Step 3: Roll Out the Naans

  1. Preheat your griddle or tawa on medium-high heat. If you’re using an oven, preheat it to 450°F (230°C) and place a pizza stone or baking sheet inside to heat.
  2. Divide the dough into small balls, approximately the size of a golf ball (about 6-8 balls depending on desired size).
  3. Lightly flour your working surface with gluten-free flour. Take one dough ball and gently roll it out into an oval or round shape, about 1/4 inch thick. If you’d like, you can sprinkle some cumin seeds on top of the rolled dough and gently roll over them with the rolling pin.

Step 4: Cook the Naans

  1. For griddle or tawa cooking: Place the rolled-out naan on the preheated griddle. You should see bubbles start to form on the surface after about 1 minute. Once you see bubbles, flip the naan using tongs or a spatula.
  2. Cook the second side for another 1-2 minutes until golden brown spots form. You can also press down gently on the naan to ensure it cooks evenly.
  3. For oven cooking: Place the rolled-out naan on the preheated pizza stone or baking sheet. Bake for 5-7 minutes until golden brown and slightly puffed up.

Step 5: Finishing Touches

  1. After removing the naan from the heat, immediately brush with ghee or melted butter for extra flavor and softness.
  2. Optionally, sprinkle with fresh chopped cilantro for a burst of freshness and color.
  3. Serve the Aloo Flour Naan warm with your favorite curry, stew, or dip.

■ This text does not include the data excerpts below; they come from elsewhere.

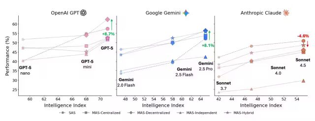 Google为了量化模型能力对Agent性能的影响,在OpenAI GPT、Google Gemini 和 Anthropic Claude上评估了Single Agent和四种Multi-Agent架构。结果可以看到,模型能力与架构之间复杂的关系。通常来说,上了越强大的模型,Agent的效果就越好,Agent的能力与模型能力基本上呈现正相关。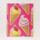 Waffle cones with strawberry ice cream scoops and frozen yogurt pattern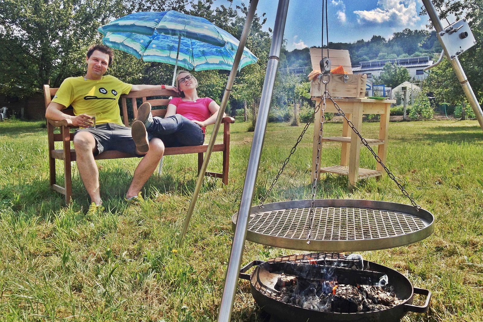 SaarlandReporter André Gatzke (links) und Esther Brandt lernen das Saarland kennen. Hier heißt nicht nur der Grill "Schwenker".Bild: © WDR/WDR/André Gatzke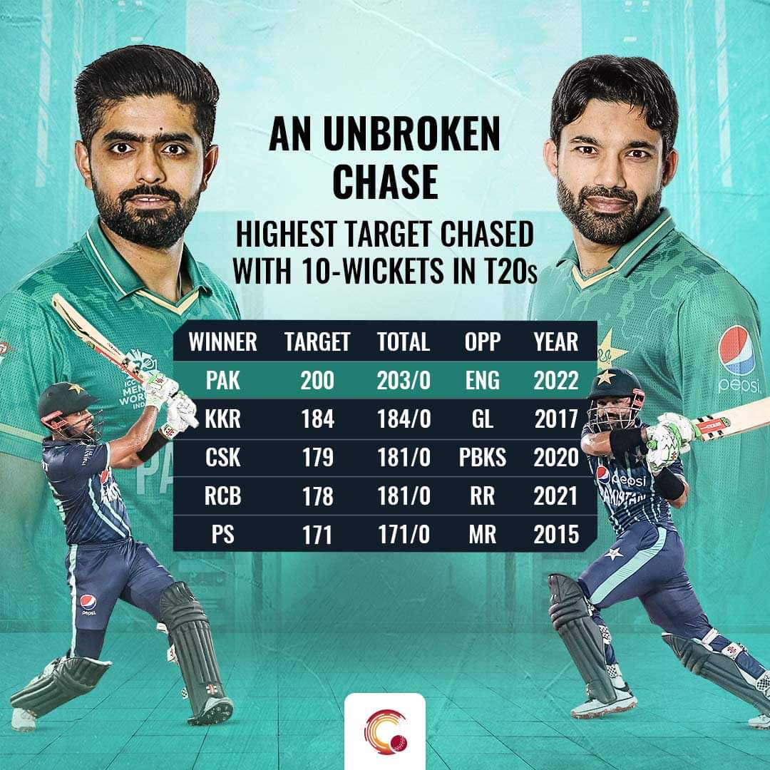 Chasing a mammoth total of 200, Babar and Rizwan took the attack to the bowlers from the word go. Hence, the pair were able to achieve the target of 200 with ease. In all T20s, the target of 200 is the highest target achieved with 10-wickets in hand. Previously, Kolkata Knight Riders in 2017, against the now-defunct Gujarat Lions, chased 184 with all their 10 wickets in hand.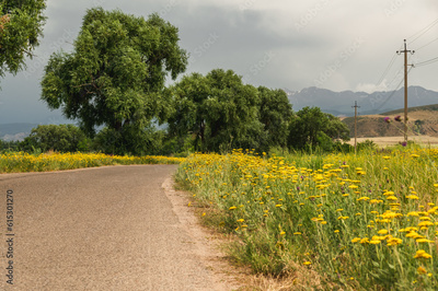 Thickets of yellow flowers along the road. Achillea filipendulina in the wild.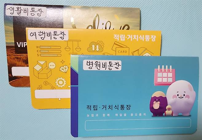 | ▲ 남편과 만든 병원비 통장과 여행비 통장 얼마 전부터 남편과 연금에서 가장 먼저 병원비와 여행비를 저축하는 통장을 만들었다. |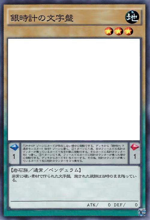 | ①片方のPゾーンにカードが存在しない場合に発動できる。デッキから「銀時計」P通常モンスター1体をPゾーンに置く。②1ターンに1度、自分フィールドの長針カウンターが乗っているカード1枚を対象に発動できる。そのカードに長針カウンターを2つ置く。③1ターンに1度、フィールドのカードに短針カウンターが乗った場合に発動できる。デッキからカードを3枚ドローする。その後、短針カウンターが乗っているカード1枚に短針カウンターを3つ乗せる。 | |||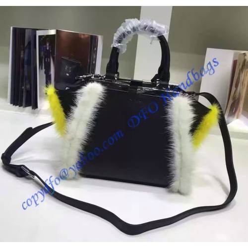 Fendi Mini 3Jours in Black Leather with mink-fur trim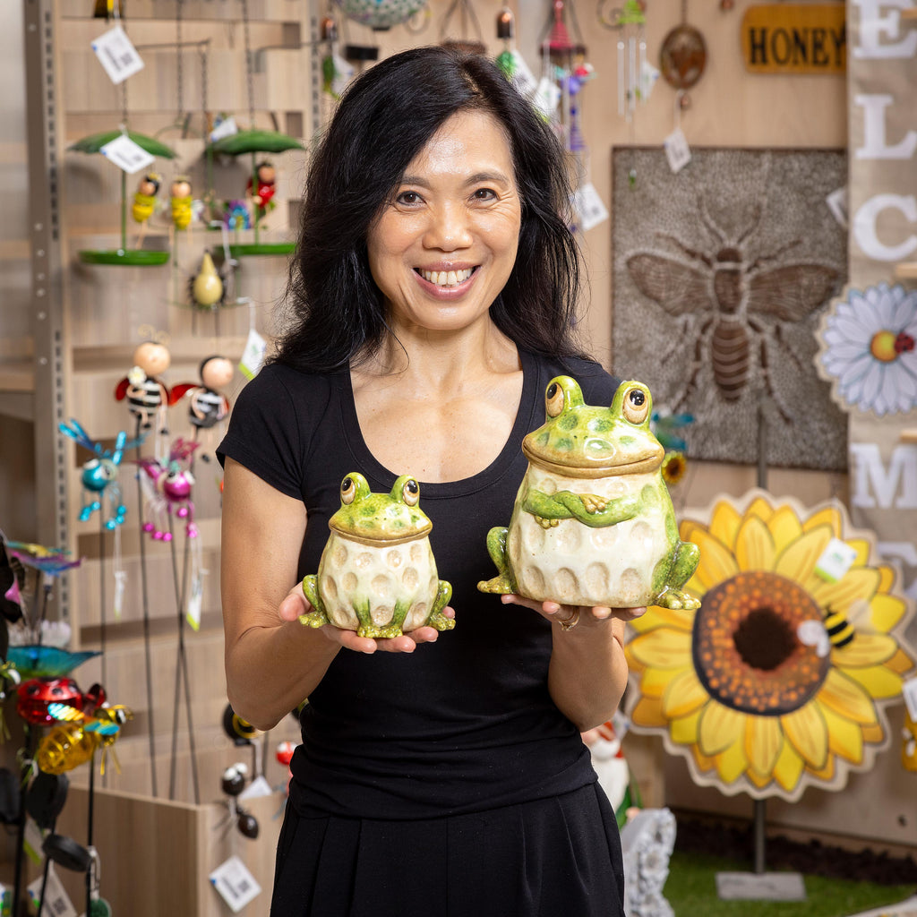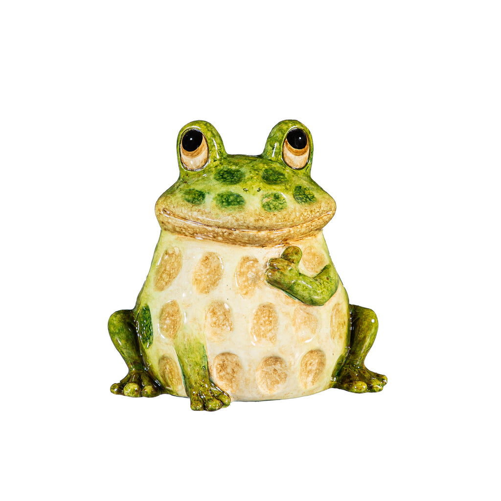 Add charm to your outdoor space with this set of ceramic frog statues. Perfect for enhancing garden aesthetics, these playful figures bring a whimsical touch to your yard.

Nutritional Information (Per Naan):

This recipe makes about 6-8 naans, and the following is an approximate breakdown for one naan:

Calories: 150-180 kcal
Protein: 4g
Carbohydrates: 30g
Fiber: 4g
Sugar: 2g
Fat: 3g
Saturated Fat: 1g
Cholesterol: 5mg
Sodium: 250mg
Calcium: 2% of the Daily Value (DV)
Iron: 8% of the DV

Nutritional Breakdown:

  • Calories: The calories mainly come from the potatoes, flour, and oil or butter. If you’re looking to make this a lighter option, you can use less butter and adjust the amount of oil in the dough.
  • Protein: The mashed potatoes and gluten-free flour contribute some protein, but this naan is not a high-protein food. You can pair it with a protein-rich dish, like a lentil curry, to make it a more balanced meal.
  • Carbohydrates: The potatoes and flour contribute a fair amount of carbohydrates, but the potatoes provide fiber and some essential vitamins.
  • Fat: Most of the fat comes from the ghee or butter that is brushed on the naan. For a lighter version, you can skip the butter or use olive oil for a healthier option.
  • Sodium: The sodium level can be adjusted by controlling the amount of salt in the dough and the ghee used afterward.
  • Vitamins and Minerals: This naan provides a small amount of calcium and iron from the flour, as well as potassium from the potatoes.

Tips for Customization:

  1. Add Spices: If you like your naan with more flavor, consider adding a pinch of garam masala, coriander powder, or turmeric to the dough. These spices will add depth and color to the naan.
  2. Gluten-Free Option: This recipe is naturally gluten-free if you use gluten-free flour, but make sure the yogurt you use is also gluten-free. Additionally, check the flour mix to ensure it’s fully gluten-free.
  3. Vegan Option: For a vegan version, use dairy-free yogurt and plant-based butter or oil for brushing instead of ghee or regular butter.
  4. Make It Fluffy: For extra fluffy naan, you can add an additional teaspoon of baking soda or baking powder to the flour mixture.
  5. Toppings: You can brush your naan with garlic butter or sprinkle it with sesame seeds or onion seeds (kalonji) for a more flavorful twist.

Conclusion:

Aloo Flour Naan is a delicious, soft, and flavorful alternative to traditional naan. With the inclusion of mashed potatoes in the dough, the naan becomes even more comforting and hearty, making it a perfect accompaniment to any curry, stew, or dip. It’s easy to make and can be customized with a variety of spices and toppings. Whether you’re making it for a special occasion or a casual meal, this naan is sure to be a hit! Enjoy it fresh and warm straight off the griddle or oven!